The redemptive purpose of suffering, then, is not simply that God can "use" our pain after the fact. It is that bearing difficulty with love and faithfulness is itself one of the primary ways human beings participate in God's work of restoration. We are not just patients waiting to be healed. We are, in our suffering, invited to become co-workers with a God who knows grief and who has been redeeming it since the beginning of history. That invitation does not make pain desirable. It does make it meaningful — and meaning, in the end, is what makes suffering bearable.
Frequently asked questions
Does suffering have a redemptive purpose?
The Bible consistently suggests it can. Romans 5:3–4 says suffering produces perseverance, character, and hope. Hebrews 12:10–11 describes God's discipline as painful but ultimately producing "a harvest of righteousness and peace." The cross is the supreme example of suffering transformed into the source of salvation. Not every instance of suffering has an obvious arc, but the Bible invites trust that none of it falls outside God's redemptive reach.
What is indemnity in the Divine Principle?
Indemnity refers to the conditions required to restore a lost foundation in God's providence. When a relationship or position is broken through sin or failure, something practical is needed to return to the original state — not as a payment of divine wrath, but as an expression of the love and fidelity that restoration requires. Throughout Scripture, these conditions take the form of sacrifices, periods of separation, and acts of faithful endurance. The pain is not what accomplishes the restoration; the love expressed through willingness to endure is what does the work.

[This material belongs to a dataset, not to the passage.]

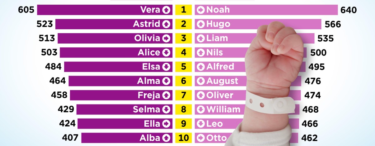 Among boys, Noah was the clear winner for the third year in a row, given to 640 boys. It was followed by Hugo, Liam, Nils and Alfred. William, the most popular name of all back in 2022, has now fallen to eighth place.

What does "take up your cross" mean?
Jesus' words in Matthew 16:24 ("deny themselves and take up their cross and follow me") are not an invitation to seek out pain. They describe the willingness to accept the cost that faithfulness imposes in a fallen world — to choose God's way even when it conflicts with the path of least resistance. The cross was not something Jesus desired for its own sake; it was the form his faithfulness took in a world that rejected him. For his followers, the same principle applies: love and obedience are the point; the suffering is the cost they sometimes carry.
Did Jesus' suffering accomplish something specific?
Yes. His death accomplished reconciliation between God and humanity (Romans 5:10), was the ultimate act of obedience (Philippians 2:8), and was the sacrifice that fulfilled and surpassed all the anticipatory sacrifices of the Old Testament (Hebrews 10). The Divine Principle adds that the cross established the spiritual foundation of salvation — the restoration of the spiritual relationship between God and humanity — while pointing forward to the further completion of physical and lineage restoration that the Second Coming will accomplish.
Does God cause suffering in order to purify us?
God is not the author of suffering — suffering entered the world through the fall, not through God's intention. But Scripture affirms that God can work through suffering, drawing good from what was meant for harm (Romans 8:28). Hebrews 12:10 describes God's engagement with human difficulty as aimed at our good, producing holiness. This is less like an infliction and more like a parent willing to allow a difficult but necessary experience because they know it will produce growth that could not have come any other way.